● **WHAT THE TASK REQUIRES**
Write out exactly the lines below starting at the one containing "Женщина в постели" and ending at the one containing "Jag tycker mycket". Omit every picture.

Recorded data
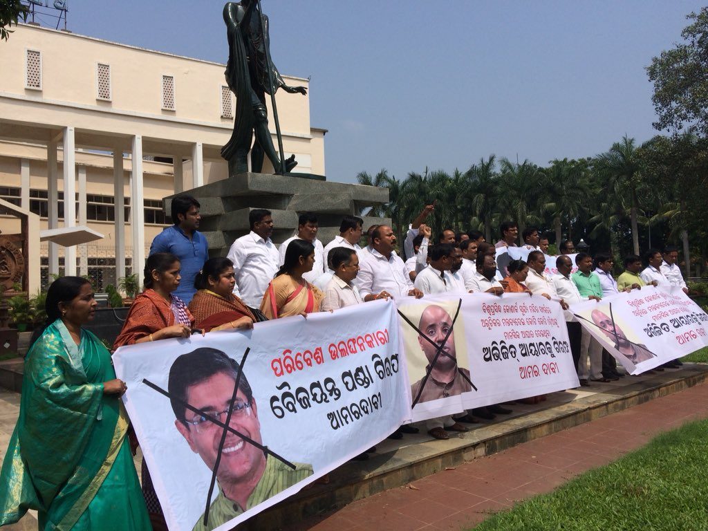 Demanding the arrest of the journalist for uploading his statement and the video on the social media, the BJD members staged a dharna in the well of the House and later under the Mahatma Gandhi statue inside the Assembly.
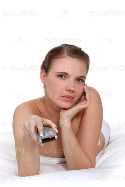Женщина в постели держит пульт дистанционного управления
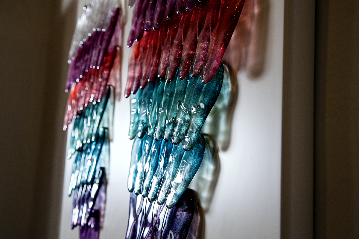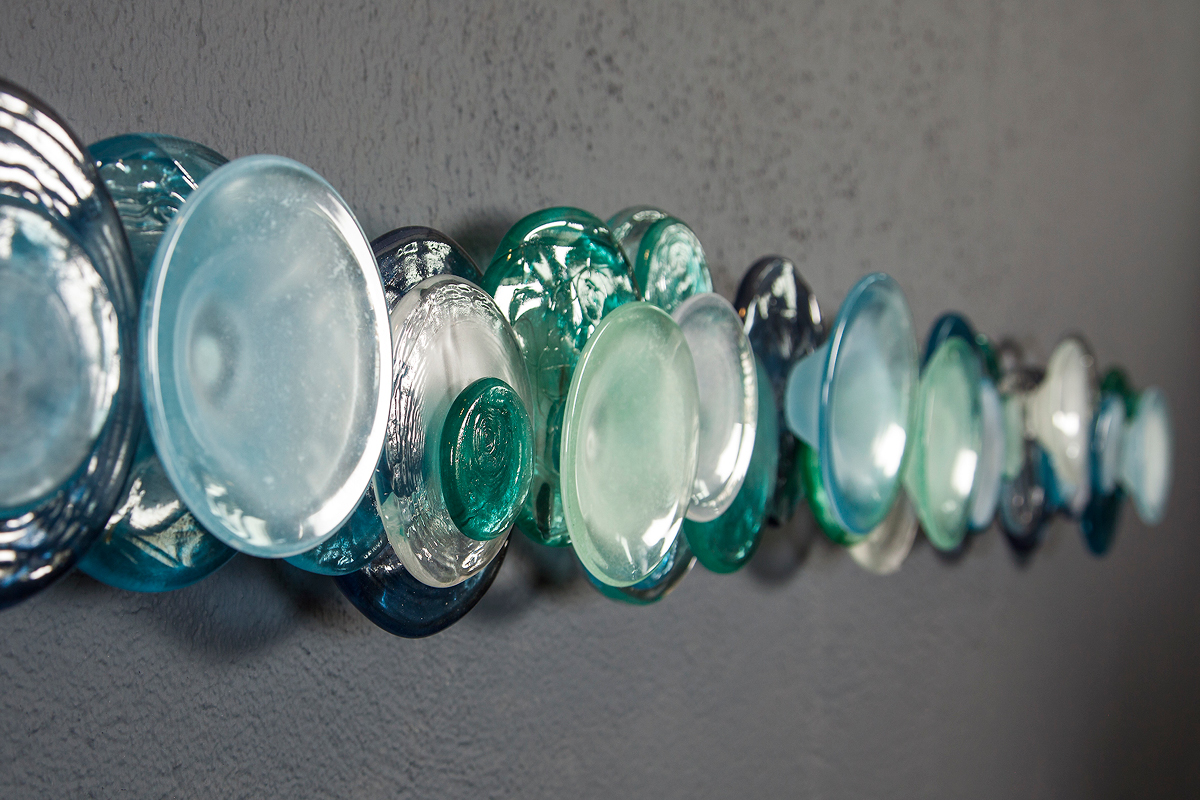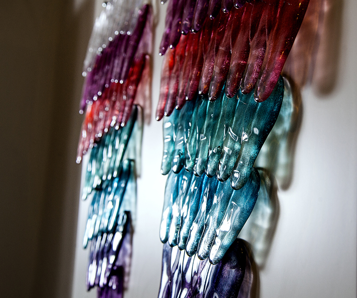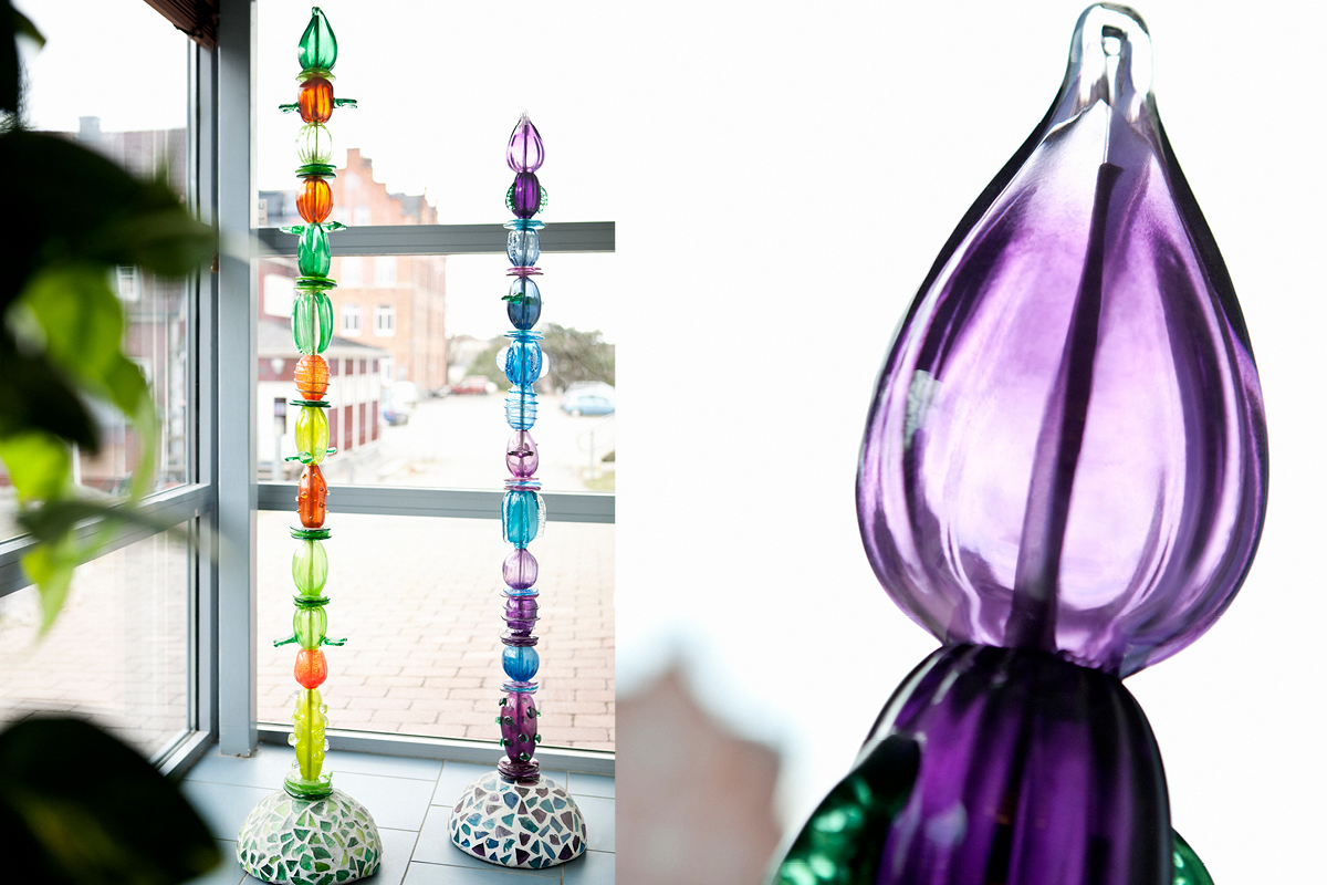 Jag tycker mycket om att arbeta med det offentliga rummet. Att konsten här får möta de människor som vistas på den specifika platsen. Jag arbetar oftast med blåst glas och sandgjutna glasreliefer som både kan vara frihängande verk eller fast installation på vägg, för såväl inom och utomhus miljöer. Under senare tid har jag även börjat arbeta med lera igen, då jag har ett förflutet som keramiker. Glas och lera passar fint ihop, kontrasterna skapar spänning och lämpar sig mycket bra för offentlig gestaltning.
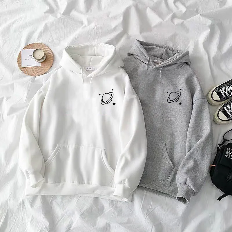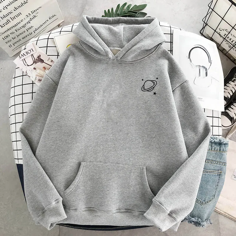 Свитшот женский бархатный с капюшоном, Простой Розовый пуловер с принтом планеты, свободное худи в стиле Харадзюку, теплая уличная одежда с длинным рукавом в стиле панк
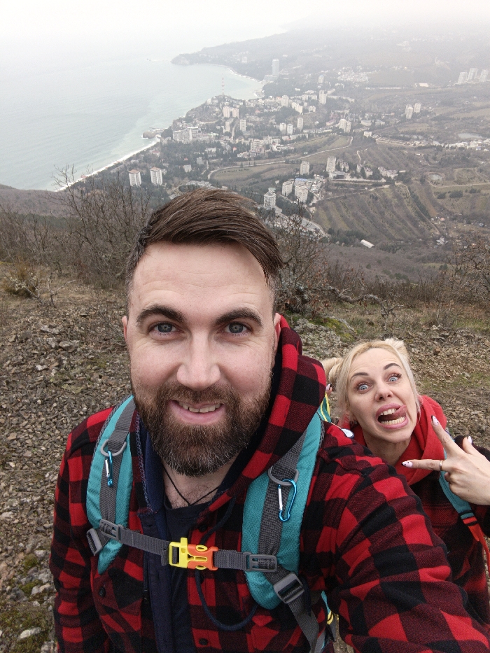 A high-angle selfie captures two individuals on a rocky hillside overlooking the city of Partenit, Ukraine, under an overcast sky
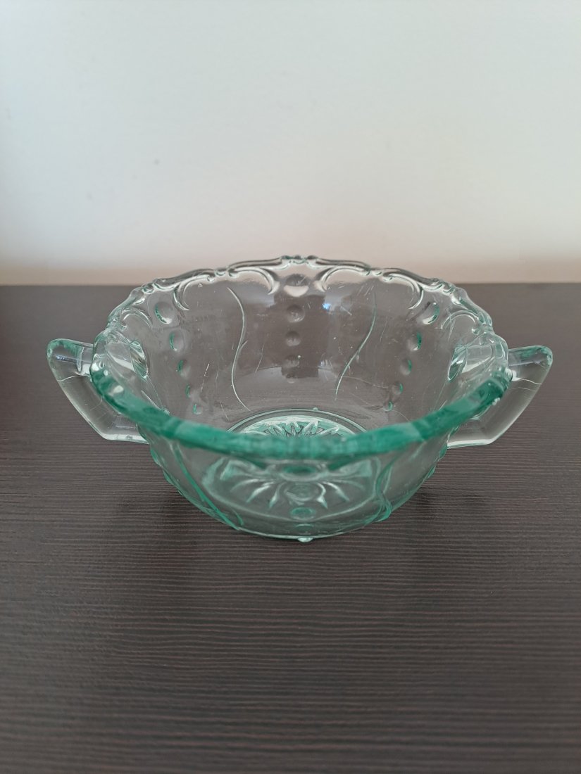 Szklana cukierniczka w pięknym zielonym kolorze. Szkło prasowane, lata 40, 50 dwudziestego wieku. Wyprodukowana przez hutę szkła Johansfors, stan dobry.
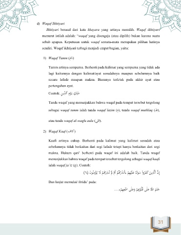 sebagai waqaf tamm ialah tanda waqaf lazim (م), tanda waqaf muthlaq (ط),
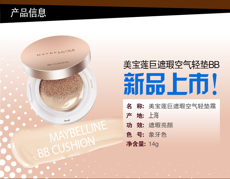 产品信息 Product Information温馨提示:此款商品没有塑封。 产品功效/功能 Product Functionality 卓效遮瑕,滋润水弹,细看近看都不怕。调色矿物微粉和水活保湿成分注入空气轻垫,长效储水。拍一拍,肌肤如陶瓷般水润。
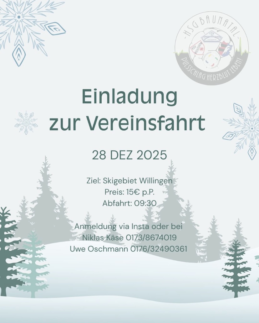 Anmeldungen werden über Instagram/HSG Baunatal oder direkt von Niklas Käse: 0173-8674019 oder von Uwe Oschmann: 0176-32490361, bis zum 01.12.2025 entgegengenommen.
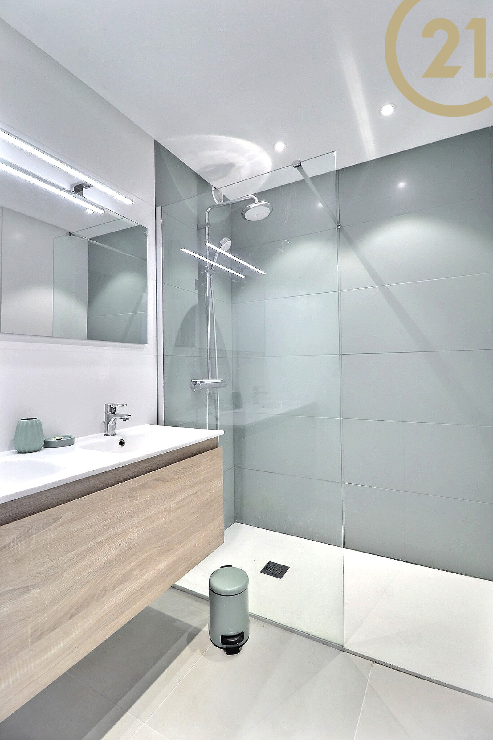Cet appartement entièrement rénové avec goût et idéalement agencé offre un hall d'entrée, un séjour avec mezzanine accueillant un lit double, une cuisine indépendante moderne entièrement équipée avec grand îlot et un cellier/espace buanderie, un dégagement avec placard, deux chambres avec rangements, une salle d'eau dotée d'une grande douche et des WC séparés.
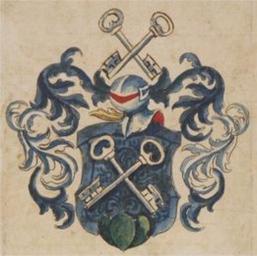 | Keywords: Schupp Wappen Schaffhausen B08.jpg Familienwappen aus den genealogischen Registern der Stadt Schaffhausen angelegt von Johann Ludwig Bartenschlager 1692 “1773 ab 1744 8 Band Sch <br />Familie Schupp http //www stadtarchiv-schaffhausen ch/Schaffhausen-Geschichte/Genealogie/Register/ between 1744 1773 author PD-old-100 Coats of arms of families from Schaffhausen Genealogische Register Schaffhausen Bartenschlager Heraldic lambrequins argent and azure Keys saltirewise in heraldry | ||||
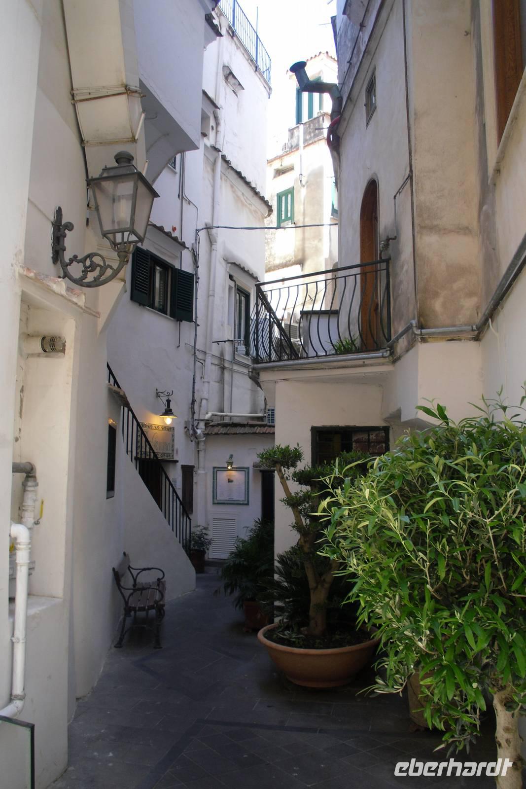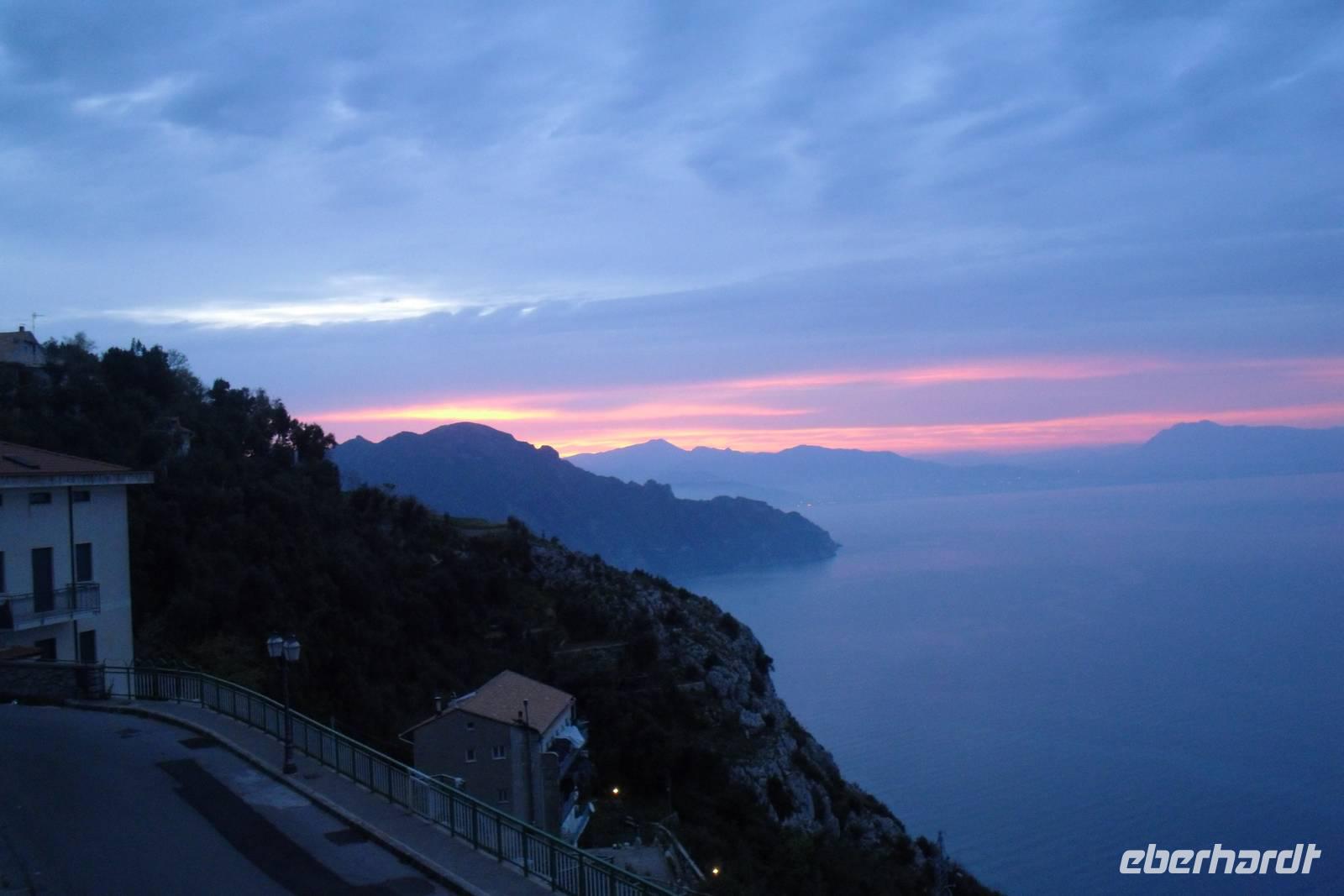 Da unser Bus nicht auf der Amalfiküsten-Straße fahren darf (er ist mit 12 Metern Länge nicht zugelassen), fuhren wir heute bei strahlendem Sonnenschein mit einem einheimischen Bus samt italienischen Buschauffeur auf einer der schönsten Küstenstraßen Italiens - die Straße ist streckenweise in die fast senkrecht abbrechende Felsküste eingehauen. Einige unserer Gruppe unternahmen eine Schifffahrt von Positano nach Amalfi, wiederum andere Gäste fuhren die komplette Strecke auf der Küstenstraße nach Amalfi. Auf beiden Seiten eines schmalen Tals steigen die Häuser den Berg hoch. Ihre Bauweise ist städtisch mit 3 - 5 Stockwerken, am Hang stehen sie übereinander gebaut. Amalfi war im Mittelalter eine der reichen und mächtigen vier Seerepubliken (neben Pisa, Genua und Venedig). Die Amalfitaner wurden durch den Fernhandel mit dem Orient, Ägypten, Konstantinopel, Südfrankreich und Norditalien reich, hatten eigene Handelsniederlassungen und eigene Wohnviertel in vielen Städten des Orients und auch in Süditalien und Sizilien. Das Seebeben Ende des 14. Jahrhunderts, die korrupte Herrschaft des spanischen Vizekönigs in Neapel, die Türkengefahr und noch mehr die Verlagerung der Handelswege nach der Entdeckung Amerikas machten aus Amalfi ein armes, von der Außenwelt abgeschnittenes Nest hinter den Bergen. Erst die Entdeckung durch den Tourismus nach 1850 brachte Änderung. Wir hatten genügend Zeit, um den Ort ganz individuell zu entdecken. Besonders sehenswert ist übrigens der Dom; Fassade und Treppe sind nachempfunden, der Turm ist allerdings echt; es gibt eine schöne Bronzetür aus Konstantinopel, das Innere des Doms ist barockisiert. Am Nachmittag führte uns die Straße über Furore direkt nach Agerola zurück. Wir ließen diesen wunderschönen Tag am späten Nachmittag mit einem Spaziergang zum Castello Lauritano in Agerola ausklingen - von hier aus bot sich uns ein toller Blick auf Amalfi und Ravello. Dazu gab es Wein, Gebäck, nette Unterhaltungen und viel Gesang - die Stimmung war ausgelassen!

● **FINISHED EXERCISE**
Женщина в постели держит пульт дистанционного управления
 Jag tycker mycket om att arbeta med det offentliga rummet. Att konsten här får möta de människor som vistas på den specifika platsen. Jag arbetar oftast med blåst glas och sandgjutna glasreliefer som både kan vara frihängande verk eller fast installation på vägg, för såväl inom och utomhus miljöer. Under senare tid har jag även börjat arbeta med lera igen, då jag har ett förflutet som keramiker. Glas och lera passar fint ihop, kontrasterna skapar spänning och lämpar sig mycket bra för offentlig gestaltning.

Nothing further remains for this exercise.